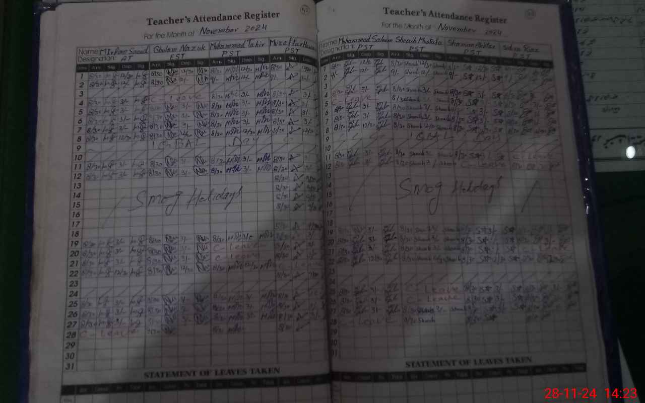 | Attendance Register | Head Teacher | MEA with School | Visit Proof |
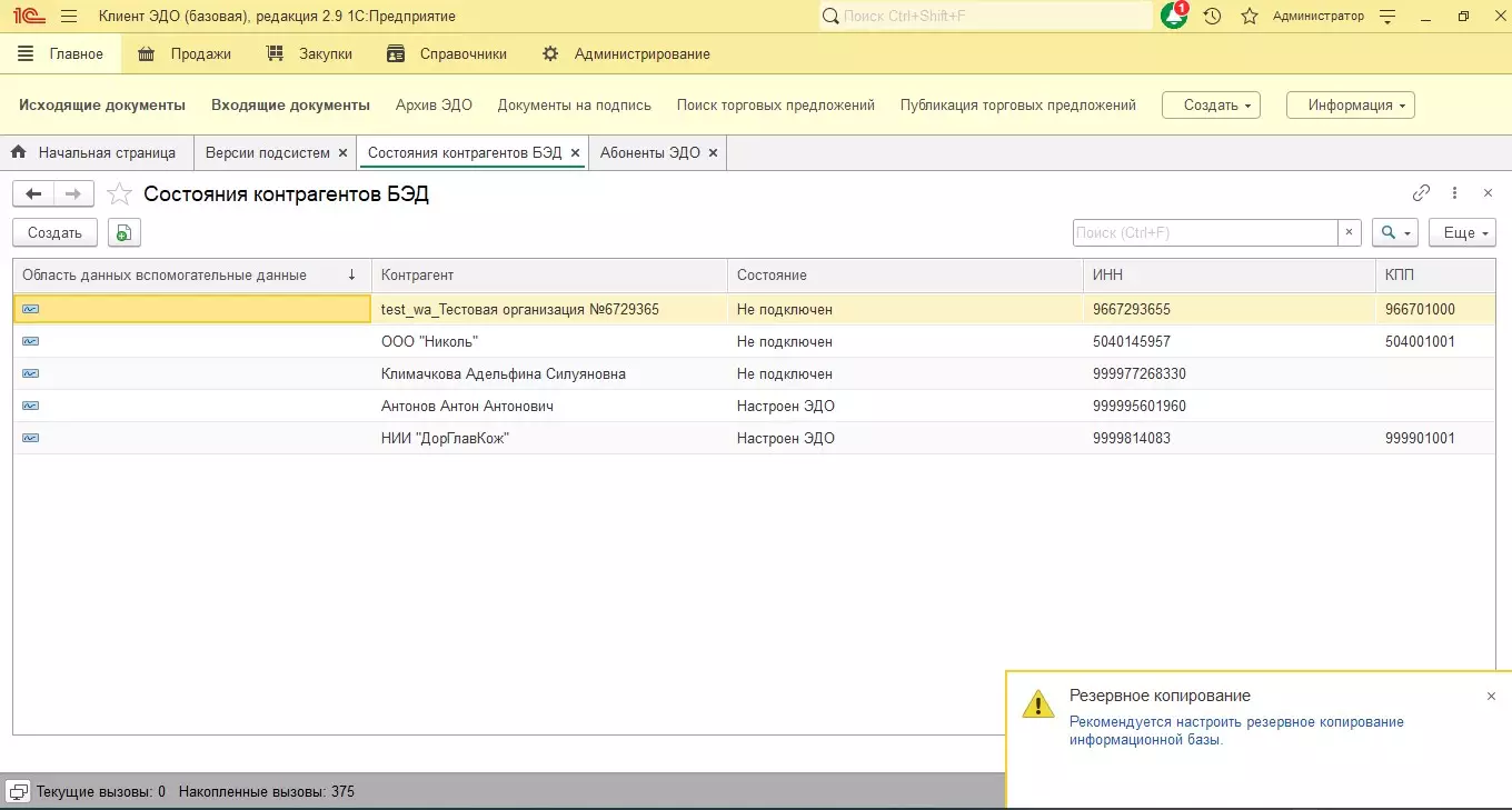 Также помощником в настройке работы по ЭДО с контрагентами служит Регистр Сведений: Состояние Контрагентов БЭД.
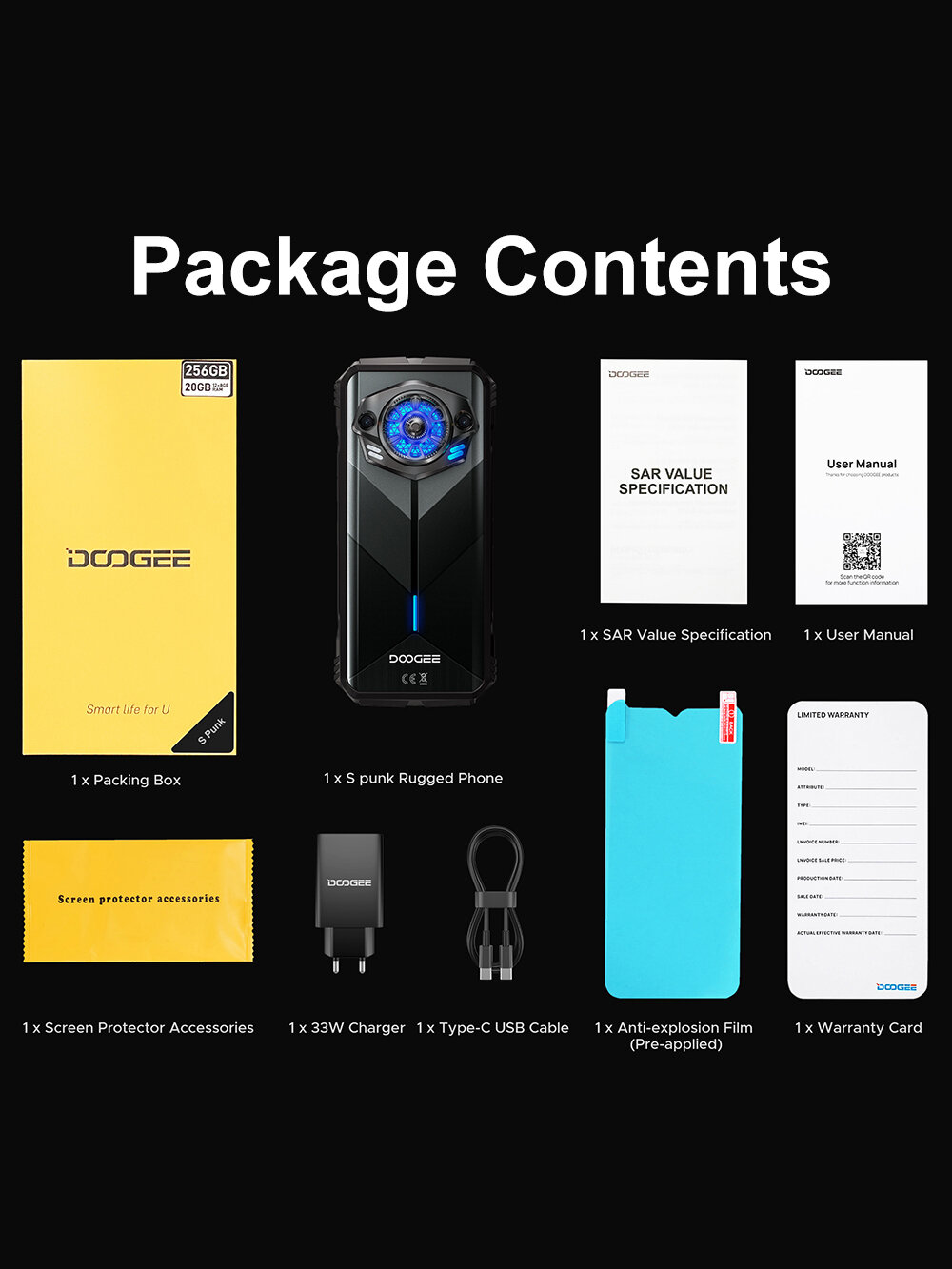 | Подробная комплектация | 1 * Телефон S Punk Pro; 1 * Кабель USB Type-C; 1 * Вилка EU; 1 * Противовзрывная пленка (предварительно нанесена); 1 * Руководство пользователя; |
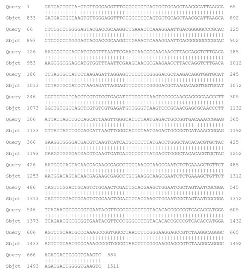 A molecular genetic method for genotyping—sequencing of the 16S rRNA gene was used to confirm the species identification of Lactobacillus 2/20. The results of the 16S rDNA sequencing analysis referred Lactobacillus 2/20 to the species Lactobacillus helveticus with 99% similarity between the 16S rDNA sequence of Lactobacillus 2/20 and the partial 16S rDNA sequence of Lactobacillus helveticus DSM 20075 (Figure 1).
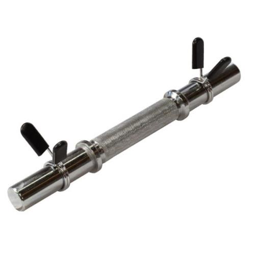 Deze dumbellstang met veersluiting is 35 cm lang is geschikt voor alle losse gewichten met een diameter van 30/31 mm. De schijfopnamedelen zijn 10 cm per kant.
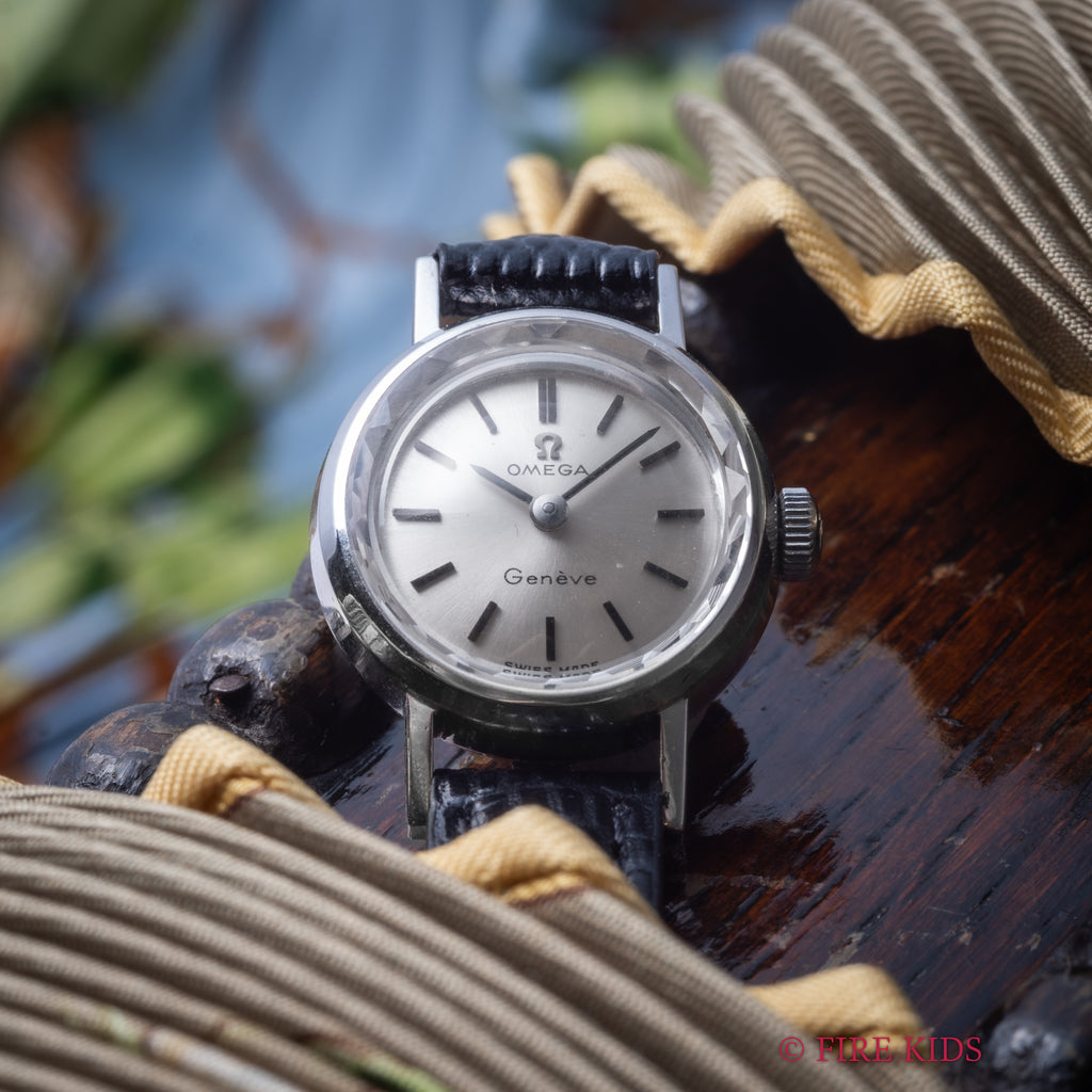 1968年製のオメガ ジュネーブ レディースウォッチ手巻きモデルです。レディースウォッチ特有の小振りのラウンドケースに、上品な輝きをを見せるカットガラス風防が魅力です。ムーブメントは手巻きのCal.620を搭載。ケースは小傷はございますが大きなダメージはございません。手巻きや針回しの操作はスムースです。ベルトは社外の革ベルトが装着されています。
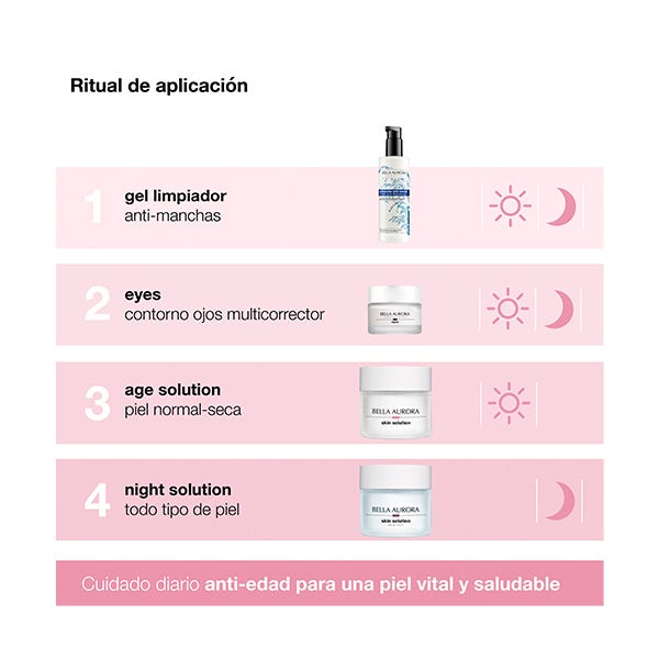 Aplicar una pequeña cantidad sobre rostro, cuello y escote con la piel limpia o después del serum, realizando un suave masaje hasta su completa absorción.

################

| Task brief |
Transcribe only this stretch of the data: the line with "Также помощником в", the line with "Руководство пользователя; |", and every line in between. Leave out the pictures.

| Finished exercise |
 Также помощником в настройке работы по ЭДО с контрагентами служит Регистр Сведений: Состояние Контрагентов БЭД.
 | Подробная комплектация | 1 * Телефон S Punk Pro; 1 * Кабель USB Type-C; 1 * Вилка EU; 1 * Противовзрывная пленка (предварительно нанесена); 1 * Руководство пользователя; |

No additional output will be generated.